掲載日:2019年09月18日 プロが造るカスタム
取材協力/弥生
取材・写真・文/ガスグラフィックス
鮮やかなピンクとマットブラックのコントラストが印象的な3型TMAXは、ヘッドライトなどを見れば分かるように、完全にサーキット専用車として作りこまれている。サーキット用と聞くと、サスペンションやホイール、ブレーキまわりなどに高額なパーツが装着されているように思われるが、この車両はホイールがノーマル。ブレーキはメッシュホースを装着したのみ。フロントサスは5mmだけ車高を上げ、イニシャルアジャスターを装備。リアサスはBPM製を装着しているが、基本的にはそれだけ。ハンドルもカバーを外したノーマル。見えない部分では、吸排気系と駆動系はもちろん交換されているが、逆に言えば、ほぼそれだけしか施されていないライトチューン仕様となる。
しかし、驚くべきことは、この仕様で筑波サーキットコース2000、鈴鹿サーキットでのTMAXでのベストタイムを記録している点にある。ライダーの技術があれば、TMAXの基本性能を伸ばすこれだけのチューニングで、必要にして充分な結果を得られることを証明しているのだ。オーナーはストリートからサーキットまで、ずっとTMAXにこだわって何台も乗り続けた経験を持つ。その経験値が、TMAXの素性を理解し、ミニマムのパーツチョイスで、マックスの性能を引き出す術を理解しているわけだ。
この3型TMAXが発売されていたのは、2008年から2013年前半まで。すでに、2世代前のモデルだけに、中古車の価格もかなりお手頃になっている。しかも、人気車両だっただけに車両探しも苦労することはない。スクーターで速さを楽しみたいユーザーにとって、この3型は注目されるべき存在なのかもしれない。
精悍に見えるフロントフェイスだが、基本は弥生製ヘッドライトカバーを装着したのみ。ここにワンオフでRAMエアダクトを追加し、吸入効率を向上させている。シンプルな作りこみにも関わらず、このダクトが速さを連想させてくれる。
マフラーはTMAXユーザーの支持が多いKブレインレーシング製。ミニバイクレースの経験をフィードバックしてレーシングエキゾーストを製造しているメーカーのため、ワンオフ対応にも応じてくれるのも人気の理由のひとつ。
駆動系にはマロッシ製MHRレンジキットを装着。マルチバリエーター、ケブラーXベルト、トルクドライバー、プーリーハーフなど、必要な商品が全てセットになっていて、速さを求めるユーザーにとっては、定番中の定番とも言える商品。
TMAX用として開発販売されているRPM製リアサスペンションは、無段階調整スプリングプリロード、コンプレッションとリバウンドの減衰調整可能、車高調整も可能なリザーバータンク付きで、比較的リーズナブルでもある。
見えない部分だが、この奥に40φのジェットプライムビッグスロットル、KOSOハリケーンエアフィルターなどが装備されている。
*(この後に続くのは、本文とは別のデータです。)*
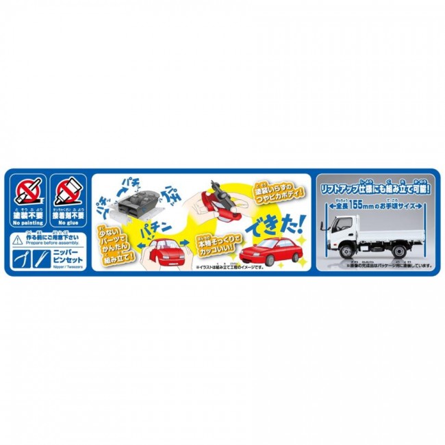 ──ヒノの2トン 楽プラの「はたらく車」初の2トン車、日野デュトロ 低床 平トラックが登場します。 ボディ形状は勿論のこと、ボディ下部フレームの装備もリアルに再現しました。 パーツ数を抑え、塗装不要・接着剤不要。お子様から大人まで楽しめるプラモデルです。 ・パーツ点数35点のお手軽モデル ・塗り分けの必要な部分はシールで再現 【楽プラ スナップキットとは】 ・塗装不要:ボディ色をプラスチック材料の着色で再現する事により、塗装不要となりました。ツヤツヤのボディも見どころです。 ・接着剤不要:はめ込み式を採用する事で接着剤が不要となりました。 ・お手頃価格:キットの簡略化と1/32スケールとする事でお手頃価格を実現しました。 スケール:1/32 ボディカラー:No.23-WE ホワイト ※画像は3D設計図に着色したものです。実際の商品とは異なる場合がございます。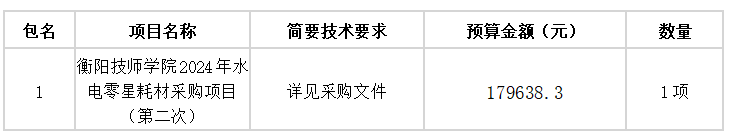 采購(gòu)項(xiàng)目名稱:衡陽(yáng)技師學(xué)院2024年水電零星耗材采購(gòu)項(xiàng)目(第二次)

このリングタイプのダクトも、均等に美しく加工され、レーシーさをさらに強調している。
レース専用となると、ハンドルも交換するのが一般的に思われるが、この車両にはブレーキがメッシュホースを交換したのみで、レバー、マスターシリンダー、ローターにキャリパーまでノーマル。そして、ハンドルもカバーを外しただけなのが印象的。